Entscheidungsstichwort (Thema)
Keine Prozesskostenhilfe bei Einreichung der Scheidungsklage vor Ablauf des Trennungsjahres
Leitsatz (amtlich)
Wird der Scheidungsantrag vor Ablauf des Trennungsjahres nach § 1565 Abs. 2 BGB erkennbar verfrüht gestellt und hat der/die Antragsteller(in) in der Antragsschrift keine Tatsachen vorgetragen, die die Anwendung der Härteklausel nach § 1565 Abs. 2 BGB rechtfertigen könnten, kann einem mit dem Scheidungsantrag gestellten Antrag auf Bewilligung von Prozesskostenhilfe für das Scheidungsverfahren nicht stattgegeben werden, da bereits mit Einreichung der Antragsschrift feststand, dass der gestellte Antrag unbegründet ist. Der beabsichtigten Rechtsverfolgung fehlt damit die gem. § 114 ZPO erforderliche hinreichende Erfolgsaussicht.
Die Sache ist an nächstbereiter Stelle zu terminieren.
Normenkette
BGB § 1565 Abs. 2; ZPO § 114
Verfahrensgang
AG Bonn (Beschluss vom 19.12.2005; Aktenzeichen 40 F 501/05 (PKH)I) |
Tenor
Die als sofortige Beschwerde zu wertende "Beschwerde" der Antragstellerin gegen den ihren Antrag auf Bewilligung von Prozesskostenhilfe zurückweisenden Beschluss des AG - FamG - Bonn vom 19.12.2005 - 40 F 501/05 - wird zurückgewiesen.
Gründe
Die gem. § 127 Abs. 2 S. 2 ZPO zulässige - insb. frist- und formgerecht eingelegte - als sofortige Beschwerde zu wertende "Beschwerde" der Antragstellerin war zurückzuweisen, da der beabsichtigten Rechtsverfolgung die gem. § 114 ZPO erforderliche hinreichende Erfolgsaussicht fehlt und das FamG somit zu Recht der Antragstellerin für die beabsichtigte Rechtsverfolgung die beantragte Bewilligung von Prozesskostenhilfe verweigert hat.
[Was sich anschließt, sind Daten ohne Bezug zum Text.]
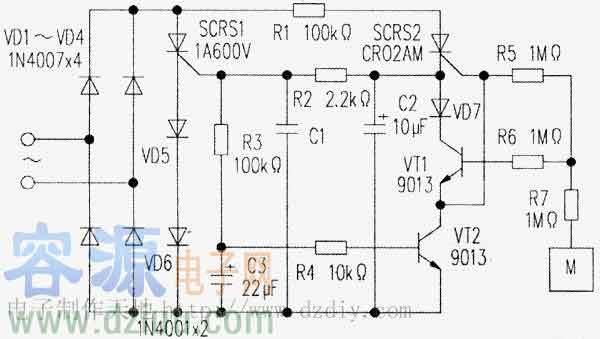 電路如圖所示。二極管VD1—VD4構(gòu)成橋式整流,可控硅SCRS1在電路中進行電源通斷控制。小電流觸發(fā)可控硅SCRS2實現(xiàn)觸摸開的控制,三極管VT1實現(xiàn)觸摸關(guān)的控制。平時可控硅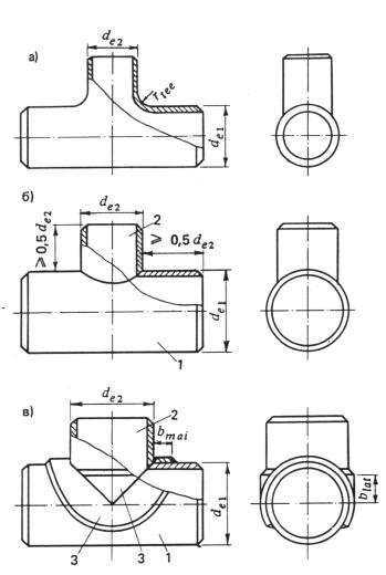 сварные, получаемые путем врезки одной трубы (или трубной обечайки) в другую под прямым углом (черт. 1, б), и тройники сварные, усиленные накладками (черт. 1, в), которые целесообразно применять при d ³ 300 мм. При этом для тройников с отношением диаметров ответвления к магистрали de2/de1< 0,2 накладки не ставятся, а при de2/de1< 0,5 накладка ставится только на магистрали. Ширина накладок (черт. 1, в) должна быть на магистральной части тройника bmai= 0,4de1, на ответвлении - blat= О.Зdez. Толщина накладок должна быть равна толщине стенки магистральной части тройника.

Mit vorliegendem Scheidungsantrag begehrt die Antragstellerin, die am 12.5.1993 vor dem Standesbeamten in C. zu Heiratsregisternummer .../1993 geschlossene Ehe der Parteien zu scheiden. Nach dem Vortrag der Antragstellerin leben die Parteien getrennt seit dem 1.4.2005. Der Scheidungsantrag ist bei Gericht am 17.12.2005 - also vor Ablauf des Trennungsjahres nach § 1565 Abs. 2 BGB - eingegangen. Damit ist der Scheidungsantrag erkennbar verfrüht gestellt. Da die Antragstellerin in der Antragsschrift keine Tatsachen vorgetragen hat, die die Anwendung der Härteklausel nach § 1565 Abs. 2 BGB rechtfertigen könnten, stand bereits mit Einreichung der Antragsschrift fest, dass der gestellte Antrag unbegründet ist. Der Senat folgt der im Vordringen begriffenen Auffassung (vgl. zum Meinungsstreit die Darstellung bei Wolf in MünchKomm/BGB, 4. Aufl. 2000, § 1565 Rz. 64 mit Fn. 231), wonach in diesem Falle das FamG gehalten ist, die Sache an nächstbereiter Stelle zu terminieren, um den unschlüssigen Scheidungsantrag zurückzuweisen. Das FamG ist bei einem offensichtlich unschlüssigen Scheidungsantrag gehindert, weitere Ermittlungen etwa zum Versorgungsausgleich anzustellen. Hierzu besteht bei einer unschlüssigen Klage kein Anlass. Würde es nicht die Klage sofort abweisen, bliebe dem FamG nur die Möglichkeit, bis zu einer Weiterbefassung mit der Sache den Ablauf der Jahresfrist abzuwarten und mit Eintritt der Jahresfrist zu prüfen, ob die Scheidungsvoraussetzungen nunmehr (noch) vorliegen. Denn erst dann könnte festgestellt werden, ob die Trennung tatsächlich nach einem Jahr noch andauert. Das aber käme einer nicht zulässigen Aussetzung des Verfahrens gleich.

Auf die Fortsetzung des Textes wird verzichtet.